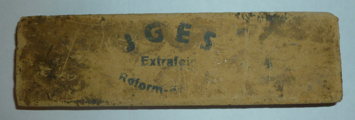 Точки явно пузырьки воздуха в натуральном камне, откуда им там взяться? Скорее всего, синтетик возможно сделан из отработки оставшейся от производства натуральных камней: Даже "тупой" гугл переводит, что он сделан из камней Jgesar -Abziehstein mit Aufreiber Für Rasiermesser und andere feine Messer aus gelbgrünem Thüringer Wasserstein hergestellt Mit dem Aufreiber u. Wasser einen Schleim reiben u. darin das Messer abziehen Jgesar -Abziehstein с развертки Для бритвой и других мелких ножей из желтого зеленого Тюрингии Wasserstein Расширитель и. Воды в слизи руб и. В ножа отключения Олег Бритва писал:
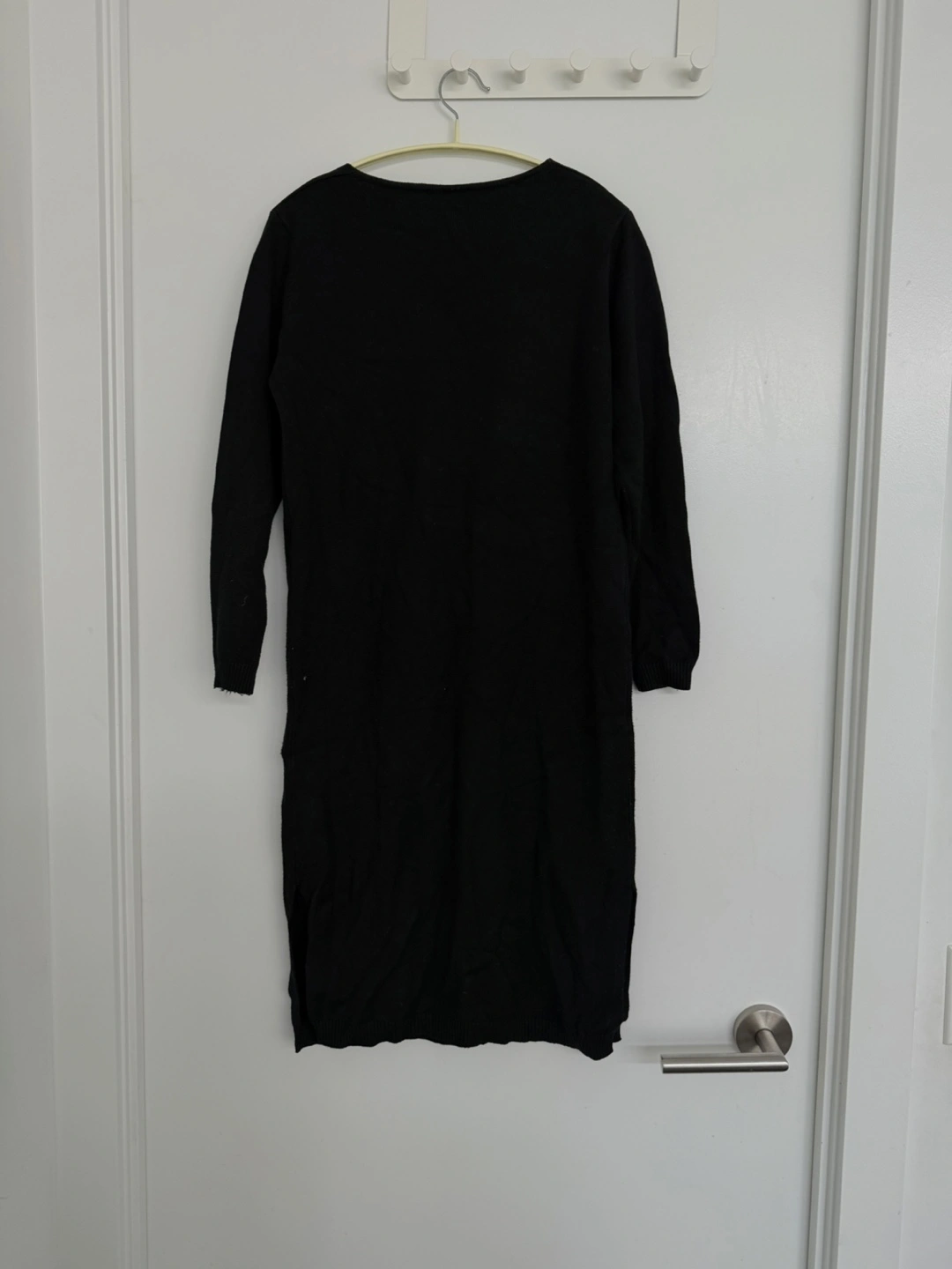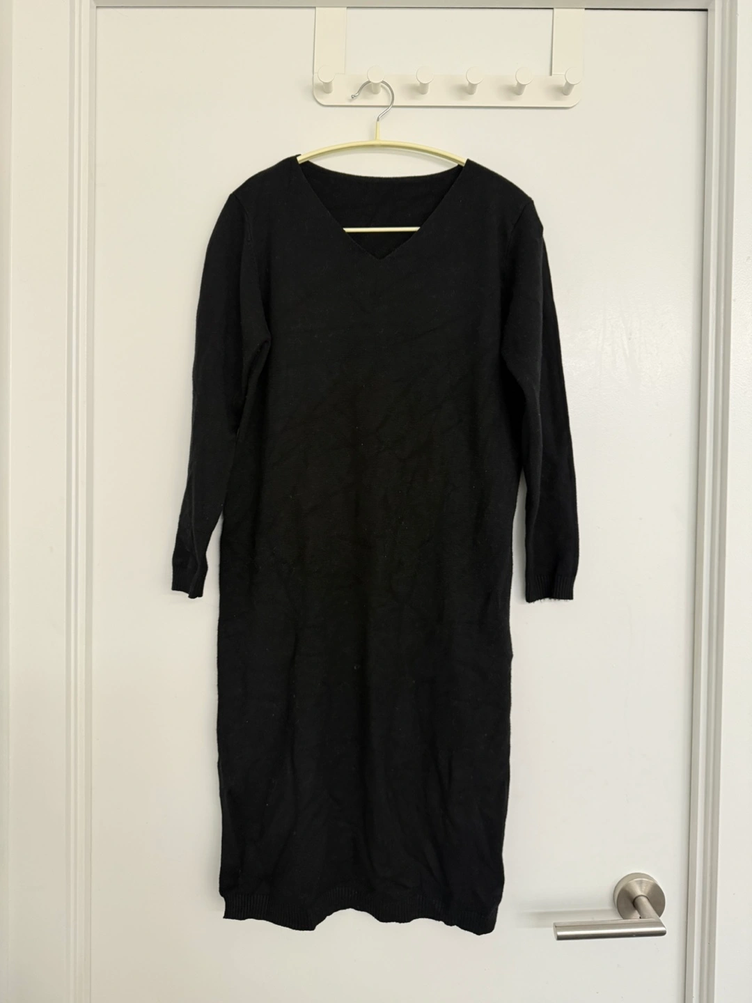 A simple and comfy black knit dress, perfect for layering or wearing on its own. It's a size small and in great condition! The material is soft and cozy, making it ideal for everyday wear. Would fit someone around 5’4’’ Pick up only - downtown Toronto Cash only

#####

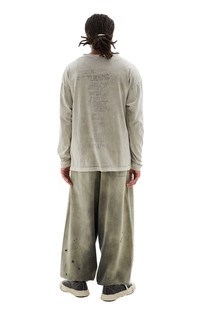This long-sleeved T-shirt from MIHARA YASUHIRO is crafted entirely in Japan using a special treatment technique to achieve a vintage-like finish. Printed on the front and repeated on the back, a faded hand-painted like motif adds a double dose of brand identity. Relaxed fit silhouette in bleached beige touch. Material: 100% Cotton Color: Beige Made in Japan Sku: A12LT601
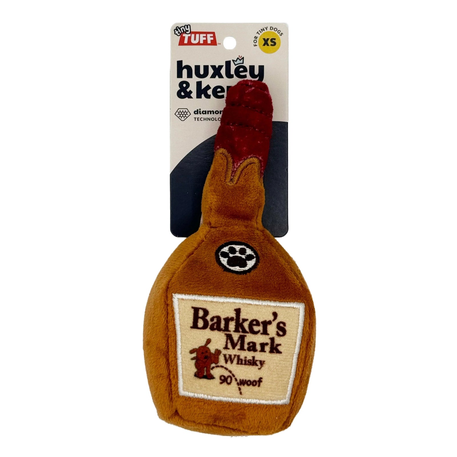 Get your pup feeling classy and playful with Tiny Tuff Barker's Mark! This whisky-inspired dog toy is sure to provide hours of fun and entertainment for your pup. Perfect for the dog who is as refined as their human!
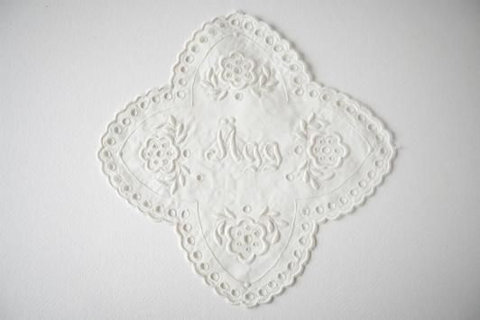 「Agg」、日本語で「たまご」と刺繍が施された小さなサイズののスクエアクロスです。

#####

▶ [INSTRUCTIONS TO FOLLOW]
Lines wanted from the entries above: the one with "Точки явно пузырьки", the one with "A simple and", and all lines between. Please copy them exactly, without the pictures and without anything else.

▶ [OUTPUT OF THE EXERCISE]
 Точки явно пузырьки воздуха в натуральном камне, откуда им там взяться? Скорее всего, синтетик возможно сделан из отработки оставшейся от производства натуральных камней: Даже "тупой" гугл переводит, что он сделан из камней Jgesar -Abziehstein mit Aufreiber Für Rasiermesser und andere feine Messer aus gelbgrünem Thüringer Wasserstein hergestellt Mit dem Aufreiber u. Wasser einen Schleim reiben u. darin das Messer abziehen Jgesar -Abziehstein с развертки Для бритвой и других мелких ножей из желтого зеленого Тюрингии Wasserstein Расширитель и. Воды в слизи руб и. В ножа отключения Олег Бритва писал:
 A simple and comfy black knit dress, perfect for layering or wearing on its own. It's a size small and in great condition! The material is soft and cozy, making it ideal for everyday wear. Would fit someone around 5’4’’ Pick up only - downtown Toronto Cash only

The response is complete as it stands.